Kadant Inc.
- Company type: Public
- Traded as: NYSE: KAI; Russell 2000 Component; S&P 600 component;
- Industry: Diversified machinery
- Founded: 1991
- Headquarters: Westford, Massachusetts, United States
- Key people: Jeffrey L. Powell ( CEO, President and Director) Eric T. Langevin ( COO) Jonathan W. Painter ( Executive Chairman)
- Products: Stock preparation systems, fluid handling systems, roll doctoring, cleaning and filtration, fiber-based granules
- Number of employees: 2,800
- Website: www.kadant.com

= Kadant =

US-based paper company

Kadant Inc. is a company that was established in 1991, as a partly privately owned subsidiary of Thermo Electron, and partly publicly traded company, and was fully spun out and renamed Kadant in 2001. The company supports papermaking, paper recycling, wood processing, material handling, and other processing industries.

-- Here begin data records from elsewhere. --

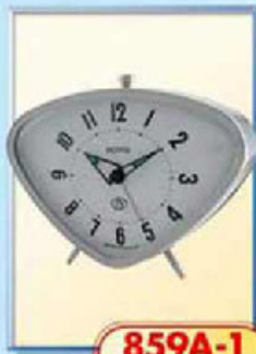
859A-1 размер 150x105 мм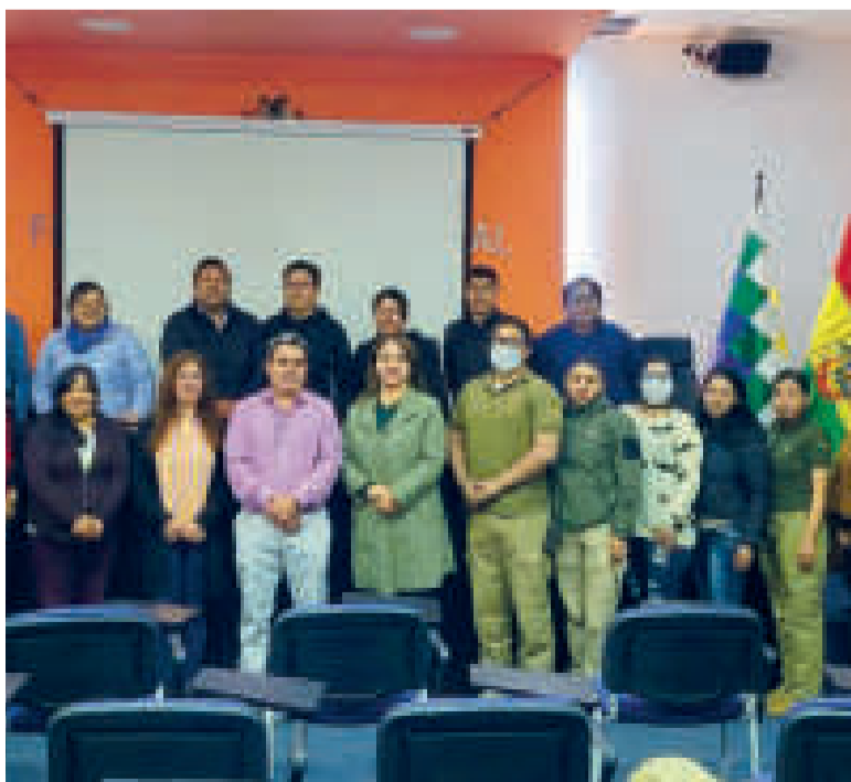
Participantes del curso de capacitación.

Los contenidos estuvieron enfocados en el trabajo de triangulación y geolocalización de llamadas, así como análisis periciales de los equipos de telefonía celular móvil, también de computadoras (DVD, CD y DVR), entre otros.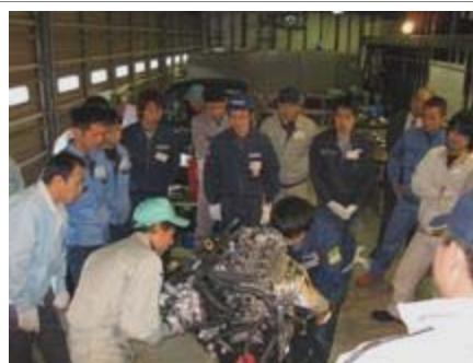
県内企業等を対象にした 自動車分解研修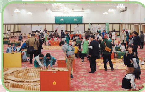
2019年に行われた「第1回もくもく！ 木育キャラバンinろっかしょ」

現段階で実現できていないのは、3つめの「姉妹おもちゃ美術館の設立」です。いや、実はすでに「おもちゃ美術館」に匹敵するくらいの木育空間があります。2021年に開設された「泊こども園」にある木育広場「ろっくもっくぶらざ」です。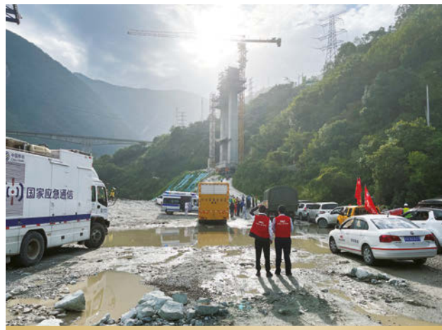
人保財險迅速應對四川甘孜州瀘定縣6.8級地震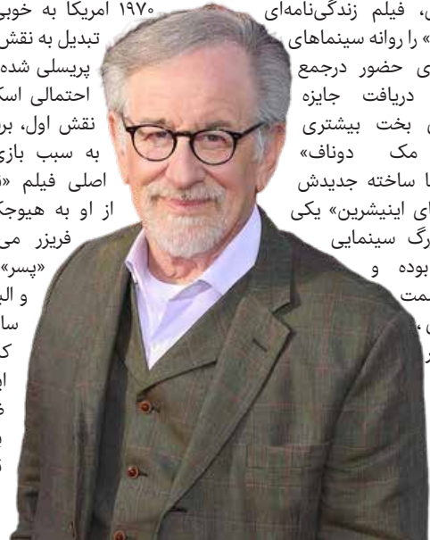
سینما و تئاتر

«خانواده فیلمن» را روانه سینماهای جهان کرده، برای حضور در جمع پنج کاندیدای دریافت جایزه اسکار کارگردانی بخت بیشتری دارند. «مارتین مک دوناف» بریتانیایی هم با ساخته جدیدش به نام «بان‌شی‌های اینیشیرین» یکی از پدیده‌های بزرگ سینمایی امسال جهان بوده و نه فقط در قسمت فیلمنا مه نویسی، بلکه کاندیدای اسکار خواهد شد بلکه نامزدی‌اش برای جایزه برترین کارگردانی هم تقریباً قطعی به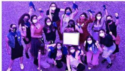
Las Paritaristas es una agrupación de mujeres que hacen política en Jalisco y que militan en el feminismo.

Agrupación multipartidista de mujeres que se dedican a la política en Jalisco y que militan en el feminismo. Defienden, principalmente, la paridad entre hombres y mujeres en la conformación de los partidos políticos y monitorean la política pública en materia de género.

Kadant is a multi-national corporation with operations in Asia, Europe, North America, and South America.

==History==
The company was established as Thermo Fibrotek in 1991 as a wholly owned subsidiary of Thermo Electron as part of its parent's strategy to innovate and grow by creating subsidiaries that were privately owned in part, and publicly traded in part. Its initial focus was paper making and paper recycling equipment.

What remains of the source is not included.